How to complete this task:
The entries below must be retyped exactly. Pictures are to be omitted.

Extracted material:
◆ ◆ ◆ ◆

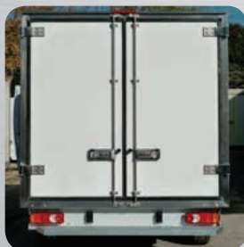
Cadre arrière 2 vantaux ouverture totale
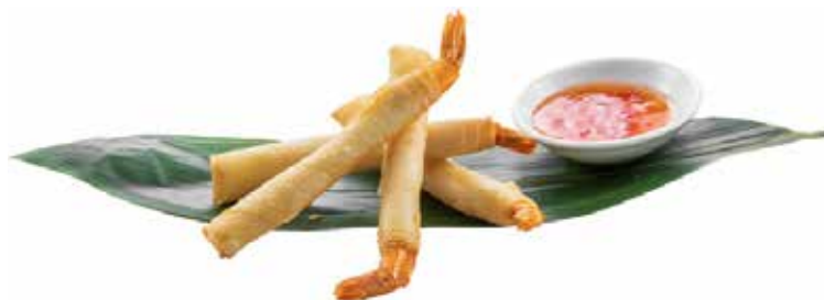
161 · EBI STICK | € 6,00 Involtino croccante di gambero fritto con salsa speciale allergeni: 1-2-3-7
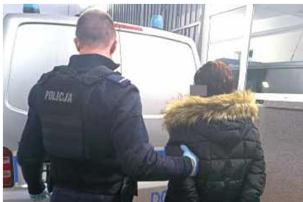
Z zawiadomienia poszkodowanej kobiety wynika, że sąsiadka już od ok. miesiąca groziła jej, że ją zabije. Ostatnim razem wzięła do ręki nóż

- Z zawiadomienia wynika, że od około miesiąca groziła swojej sąsiadce, że ją zabije,
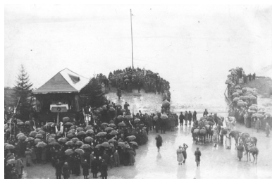
„Zaślubiny Polski z morzem” w Zatoce Puckiej, 10 lutego 1920 r.
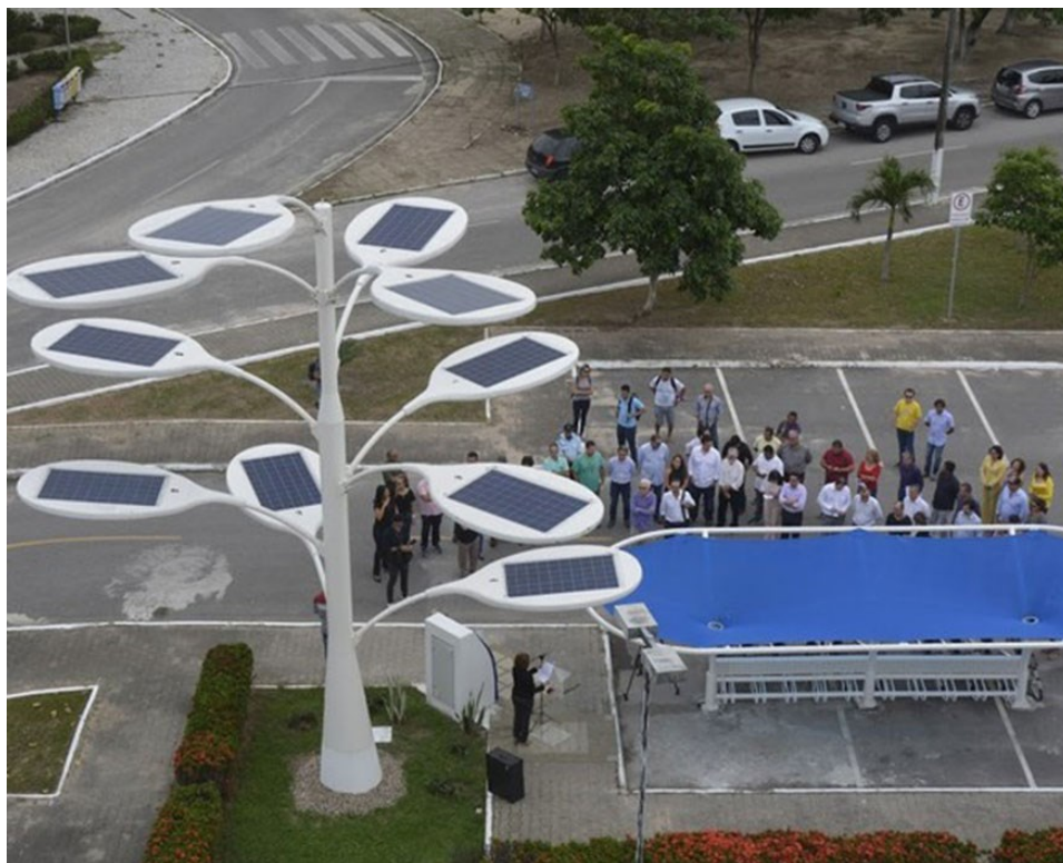
Placas Fotovoltaicas - Árvore Solar - Universidade Estadual do Ceará Carregam bicicletas elétricas
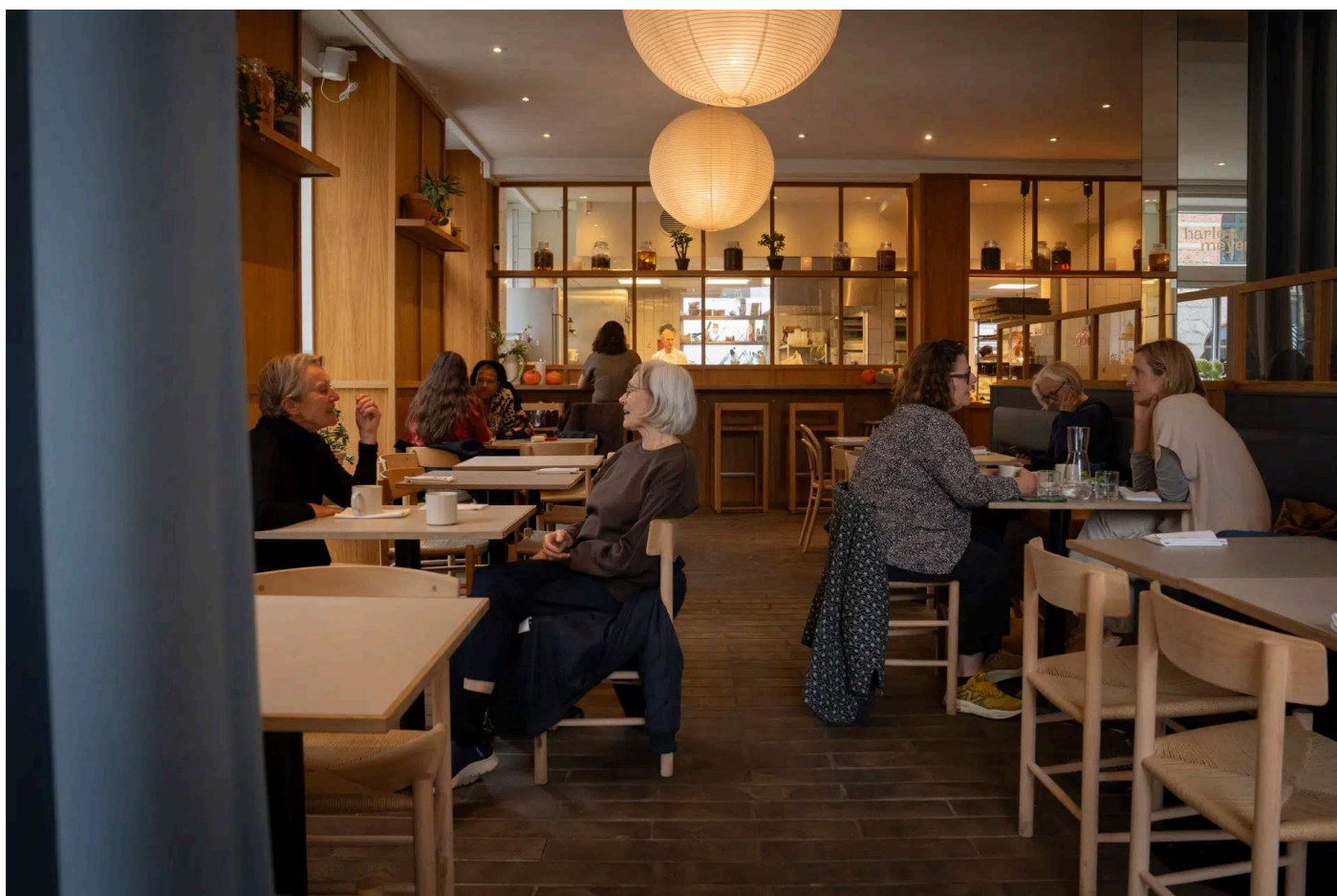
Harlo & Meyers restaurant med stort åbent køkken for enden er moderne og nordisk og med en god akustik.

Restaurant: Gl. Kongevej har fået endnu et kvalitetsspisested med altid foretagsomme Claus Meyer i kulissen. Flere elementer var i Michelin-klassen, men aftenen bød også på et svinsk kiks.
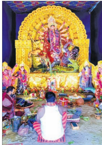
ପୁଲବାଣୀ ଚାକ୍ଷୁ ଷ୍ଟାଣ୍ଡ
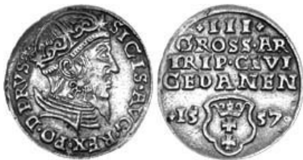
Рис. 4. Трояк Гданський. 1557 р.

(«DEI GRATIA» – «Божею милостію») – на монетах вільнюського монетного двору вони присутні, а тикоцинського – ні. Із обігу ці монети досить швидко вилучалися, так як користувалися популярністю за межами Литви (в Голландії їх називали «бородачами» – по портрету Сигізмунда). З 1562 р. було розпочато випуск іншого типу трояків – з монограмою (Вільно – 1562-1564 рр., Тикоцин – 1562-1563 рр. й 1565р.). Чвораки, що знаходяться в експозиції «Історія грошей» мають надщерблення та потертості. Усього є 6 монет, 4 з яких – 1566 р. й 2 монети – 1569 р. [5].
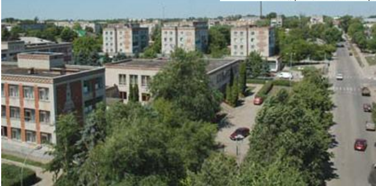
Станица Ленинградская (до 1934 года Уманская) с высоты птичьего полёта
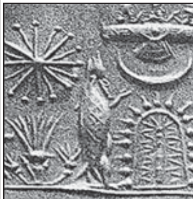
ბავთი ბავთისა და ჩვენი ბავთი.

ბავთი ბავთისა და ჩვენი ბავთი. ბავთი ბავთისა და ჩვენი ბავთი. ბავთი ბავთისა და ჩვენი ბავთი. ბავთი ბავთისა და ჩვენი ბავთი. ბავთი ბავთისა და ჩვენი ბავთი. ბავთი ბავთისა და ჩვენი ბავთი. ბავთი ბავთისა და ჩვენი ბავთი. ბავთი ბავთისა და ჩვენი ბავთი. ბავთი ბავთისა და ჩვენი ბავთი.
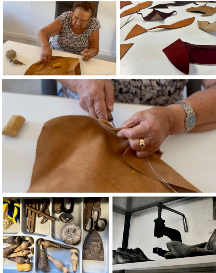
Fig. 3 Mapa visual vinculado a la metodología del proyecto.
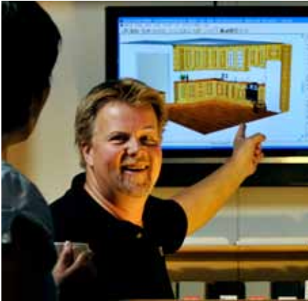
Samtale og avklaringer med kunde
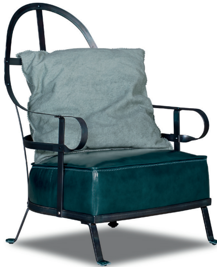
Tuscany Cortona | c. Bo.Hemian Nympha

Struttura in metallo nero forgiato, piatto e angolare con assemblaggio del piatto con bullette in metallo ribattuto. Protezione antiossidante con vernice trasparente opaca. Cuscineria di seduta in poliuretano espanso a densità differenziata. Cuscino di schienale in piuma d'oca lavata e sterilizzata. Rivestimento con cuciture con motivo decorativo. Puntale del piedino in cuoio.
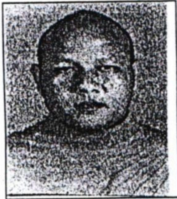
ພຣະອາຈານ ພູມິພອນທລາສິນ
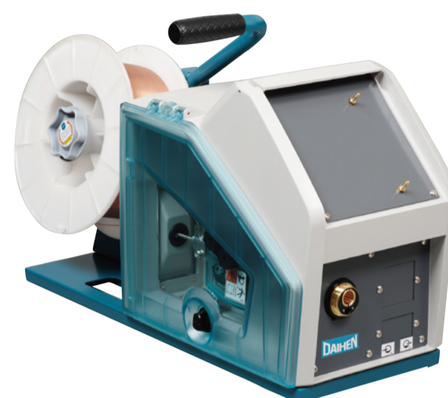
鉄仕様 Steel wire model

Good balance and easy-to-grip Excellent transportability realized thanks to the handle grip
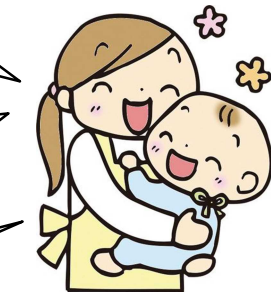
園の看護師さんの声
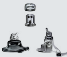
Sistema di cambio rapido testina, composto da adattatori e 2 testine di montaggio (una in plastica e una per razze sporgenti)
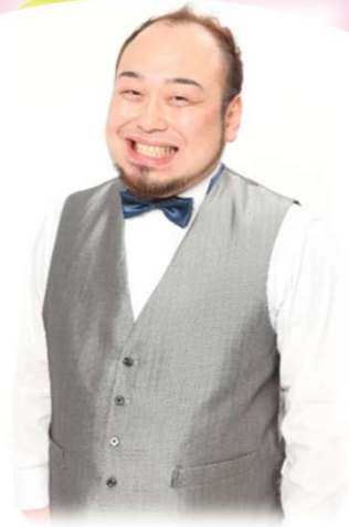
アホマイルド坂本
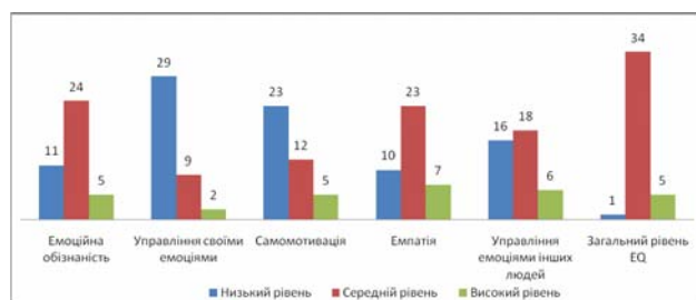
Рис. 3. Рівні прояву складників емоційного інтелекту студентів-випускників спеціальності «Психологія»

Також використана нами методіка дозволила дізнатися рівні прояву складників емоційного інтелекту (рис. 3).
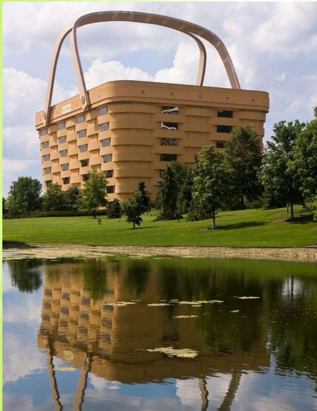
Здание-корзина. Огайо, США
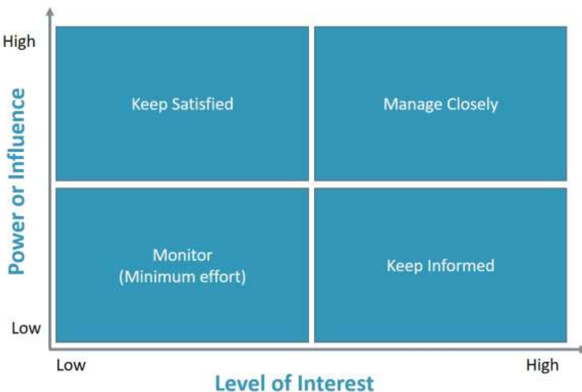
Фигура 1. Power-influence-interest grid (Eden and Ackerman, 1998, 349)

Възприятието за работата със заинтересованите страни се фокусира почти изцяло върху въпроса как да бъде повлияно, а не върху кого да бъде повлияно . Съществуват частично релевантни за предмета на тази статия методи за анализ на заинтересованите страни в академичната литература: Решетка власт-влияние-интерес 8 (Фиг.1), Куб на заинтересованите страни 9 (Фиг. 2), Модел на изпъкналост 10 (Фиг. 3). Нито един от тях обаче не предоставя метод за ранно определяне на заинтересованите страни за проекти за икономическо развитие, а се концентрират основно върху насоки за стратегическата работа с тях. И трите най-разпространени модела, споменати по-горе, се фокусират върху характеризирането на стейкхолдърите, нивото на тяхното влияние, релевантност за дадения проект или компания. Така например прилагането на метода Куб на заинтересованите страни стартира със съставяне на списък със стейкхолдъри, следвано от определяне на нивото на заинтересованост. Липсва обаче дефиниция на факторите, влияещи върху съставянето на входящите данни, тоест върху определянето на заинтересованите страни. Съставянето на списък със стейкхолдъри бива възложено на комуникационните специалисти и разчита изцяло на тяхната лична оценка, което превръща автоматично входящите данни в субективни.
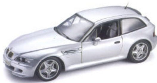
BMW M coupé Hersteller: Minichamps 1:18 - 80 43 0 020 856 € 30,00
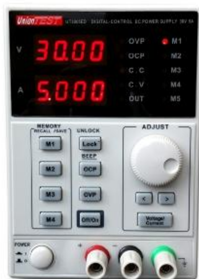
Рис. 1 Внешний вид источников UT3000-6000ED/EP
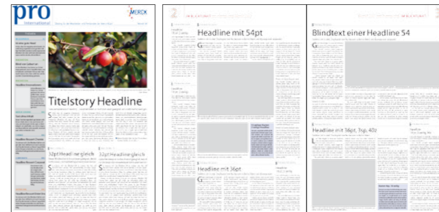
Muster-Template zu Mercks Mitarbeiterzeitung Pro . Die Redakteure füllen ganz einfach die vorgegebenen Textboxen.
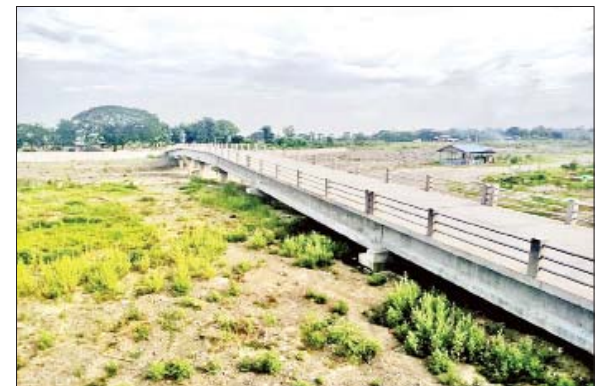
ဂျာမနီနိုင်ငံ KfW ဘဏ် အထောက်အပံ့ဖြင့် ကျေးလက်လမ်းများ ပြန်လည်ထူထောင်ရေးစီမံကိန်းမှ ကလေးမြို့နယ် ဆည်ကြီးတံတား။

ပေ ၁၈၀ အထက် အထင်ကရတံတားများအနေဖြင့် ဆောင်ရွက်ခဲ့သော ကွန်ကရစ်တံတား ၆၃ စင်းနှင့် ဘေလီတံတား ၁၂ စင်း အပါအဝင် ၂၀၁၇-၂၀၁၈ ဘဏ္ဍာရေးနှစ်မှ ယနေ့အထိ ကွန်ကရစ်တံတား ၁၈၅၆ စင်း၊ သစ်သားတံတား ၆၁ စင်း၊ ဘေလီ/ကြိုးတံတား ၁၈၃ စင်း၊ ရေကျော်/Box Culvert ၅၄၁၉ စင်း စုစုပေါင်း ၇၅၁၉ စင်းအား ဆောင်ရွက်နိုင်ခဲ့။
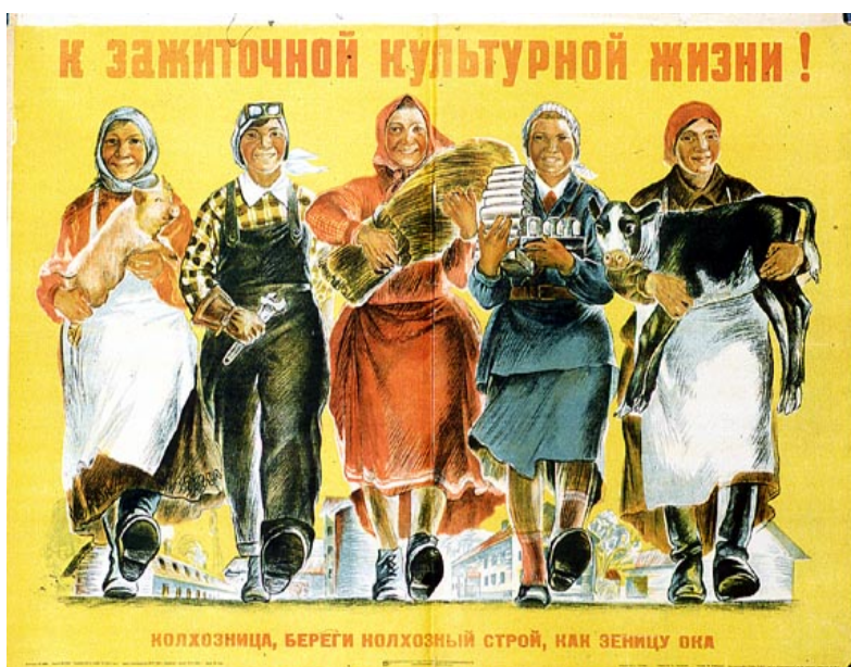
Aleksei Sitaro: "Hacia una próspera vida cultural", Mosú 1934.

Después de la Segunda Guerra Mundial la infraestructura de la región estaba tan dañada que las comunicaciones eran prácticamente inexistentes, de ahí que el afiche político se convirtiese en un importante medio de comunicación. Como medio masivo era la herramienta perfecta para la diseminación de la propaganda del partido de masas, y los afiches se distribuían en todos lados: fábricas, oficinas, clubes, las calles, con lo cual se intentaba informar a la población de la naturaleza de la dictadura del proletariado y para moldear conductas, actitudes y gustos de los trabajadores en representaciones que también marcaban físicamente el espacio público.
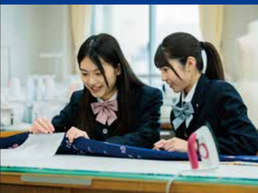
家政科 生活デザインコース

各種スポーツの技能習得を通じて生徒の能力を高めます。指導者を目指す人材の育成を図ります。

◆ ◆ ◆ ◆

Response:
Cadre arrière 2 vantaux ouverture totale
161 · EBI STICK | € 6,00 Involtino croccante di gambero fritto con salsa speciale allergeni: 1-2-3-7
Z zawiadomienia poszkodowanej kobiety wynika, że sąsiadka już od ok. miesiąca groziła jej, że ją zabije. Ostatnim razem wzięła do ręki nóż

- Z zawiadomienia wynika, że od około miesiąca groziła swojej sąsiadce, że ją zabije,
„Zaślubiny Polski z morzem” w Zatoce Puckiej, 10 lutego 1920 r.
Placas Fotovoltaicas - Árvore Solar - Universidade Estadual do Ceará Carregam bicicletas elétricas
Harlo & Meyers restaurant med stort åbent køkken for enden er moderne og nordisk og med en god akustik.

Restaurant: Gl. Kongevej har fået endnu et kvalitetsspisested med altid foretagsomme Claus Meyer i kulissen. Flere elementer var i Michelin-klassen, men aftenen bød også på et svinsk kiks.
ପୁଲବାଣୀ ଚାକ୍ଷୁ ଷ୍ଟାଣ୍ଡ
Рис. 4. Трояк Гданський. 1557 р.

(«DEI GRATIA» – «Божею милостію») – на монетах вільнюського монетного двору вони присутні, а тикоцинського – ні. Із обігу ці монети досить швидко вилучалися, так як користувалися популярністю за межами Литви (в Голландії їх називали «бородачами» – по портрету Сигізмунда). З 1562 р. було розпочато випуск іншого типу трояків – з монограмою (Вільно – 1562-1564 рр., Тикоцин – 1562-1563 рр. й 1565р.). Чвораки, що знаходяться в експозиції «Історія грошей» мають надщерблення та потертості. Усього є 6 монет, 4 з яких – 1566 р. й 2 монети – 1569 р. [5].
Станица Ленинградская (до 1934 года Уманская) с высоты птичьего полёта
ბავთი ბავთისა და ჩვენი ბავთი.

ბავთი ბავთისა და ჩვენი ბავთი. ბავთი ბავთისა და ჩვენი ბავთი. ბავთი ბავთისა და ჩვენი ბავთი. ბავთი ბავთისა და ჩვენი ბავთი. ბავთი ბავთისა და ჩვენი ბავთი. ბავთი ბავთისა და ჩვენი ბავთი. ბავთი ბავთისა და ჩვენი ბავთი. ბავთი ბავთისა და ჩვენი ბავთი. ბავთი ბავთისა და ჩვენი ბავთი.
Fig. 3 Mapa visual vinculado a la metodología del proyecto.
Samtale og avklaringer med kunde
Tuscany Cortona | c. Bo.Hemian Nympha

Struttura in metallo nero forgiato, piatto e angolare con assemblaggio del piatto con bullette in metallo ribattuto. Protezione antiossidante con vernice trasparente opaca. Cuscineria di seduta in poliuretano espanso a densità differenziata. Cuscino di schienale in piuma d'oca lavata e sterilizzata. Rivestimento con cuciture con motivo decorativo. Puntale del piedino in cuoio.
ພຣະອາຈານ ພູມິພອນທລາສິນ
鉄仕様 Steel wire model

Good balance and easy-to-grip Excellent transportability realized thanks to the handle grip
園の看護師さんの声
Sistema di cambio rapido testina, composto da adattatori e 2 testine di montaggio (una in plastica e una per razze sporgenti)
アホマイルド坂本
Рис. 3. Рівні прояву складників емоційного інтелекту студентів-випускників спеціальності «Психологія»

Також використана нами методіка дозволила дізнатися рівні прояву складників емоційного інтелекту (рис. 3).
Здание-корзина. Огайо, США
Фигура 1. Power-influence-interest grid (Eden and Ackerman, 1998, 349)

Възприятието за работата със заинтересованите страни се фокусира почти изцяло върху въпроса как да бъде повлияно, а не върху кого да бъде повлияно . Съществуват частично релевантни за предмета на тази статия методи за анализ на заинтересованите страни в академичната литература: Решетка власт-влияние-интерес 8 (Фиг.1), Куб на заинтересованите страни 9 (Фиг. 2), Модел на изпъкналост 10 (Фиг. 3). Нито един от тях обаче не предоставя метод за ранно определяне на заинтересованите страни за проекти за икономическо развитие, а се концентрират основно върху насоки за стратегическата работа с тях. И трите най-разпространени модела, споменати по-горе, се фокусират върху характеризирането на стейкхолдърите, нивото на тяхното влияние, релевантност за дадения проект или компания. Така например прилагането на метода Куб на заинтересованите страни стартира със съставяне на списък със стейкхолдъри, следвано от определяне на нивото на заинтересованост. Липсва обаче дефиниция на факторите, влияещи върху съставянето на входящите данни, тоест върху определянето на заинтересованите страни. Съставянето на списък със стейкхолдъри бива възложено на комуникационните специалисти и разчита изцяло на тяхната лична оценка, което превръща автоматично входящите данни в субективни.
BMW M coupé Hersteller: Minichamps 1:18 - 80 43 0 020 856 € 30,00
Рис. 1 Внешний вид источников UT3000-6000ED/EP
Muster-Template zu Mercks Mitarbeiterzeitung Pro . Die Redakteure füllen ganz einfach die vorgegebenen Textboxen.
ဂျာမနီနိုင်ငံ KfW ဘဏ် အထောက်အပံ့ဖြင့် ကျေးလက်လမ်းများ ပြန်လည်ထူထောင်ရေးစီမံကိန်းမှ ကလေးမြို့နယ် ဆည်ကြီးတံတား။

ပေ ၁၈၀ အထက် အထင်ကရတံတားများအနေဖြင့် ဆောင်ရွက်ခဲ့သော ကွန်ကရစ်တံတား ၆၃ စင်းနှင့် ဘေလီတံတား ၁၂ စင်း အပါအဝင် ၂၀၁၇-၂၀၁၈ ဘဏ္ဍာရေးနှစ်မှ ယနေ့အထိ ကွန်ကရစ်တံတား ၁၈၅၆ စင်း၊ သစ်သားတံတား ၆၁ စင်း၊ ဘေလီ/ကြိုးတံတား ၁၈၃ စင်း၊ ရေကျော်/Box Culvert ၅၄၁၉ စင်း စုစုပေါင်း ၇၅၁၉ စင်းအား ဆောင်ရွက်နိုင်ခဲ့။
Aleksei Sitaro: "Hacia una próspera vida cultural", Mosú 1934.

Después de la Segunda Guerra Mundial la infraestructura de la región estaba tan dañada que las comunicaciones eran prácticamente inexistentes, de ahí que el afiche político se convirtiese en un importante medio de comunicación. Como medio masivo era la herramienta perfecta para la diseminación de la propaganda del partido de masas, y los afiches se distribuían en todos lados: fábricas, oficinas, clubes, las calles, con lo cual se intentaba informar a la población de la naturaleza de la dictadura del proletariado y para moldear conductas, actitudes y gustos de los trabajadores en representaciones que también marcaban físicamente el espacio público.
家政科 生活デザインコース

各種スポーツの技能習得を通じて生徒の能力を高めます。指導者を目指す人材の育成を図ります。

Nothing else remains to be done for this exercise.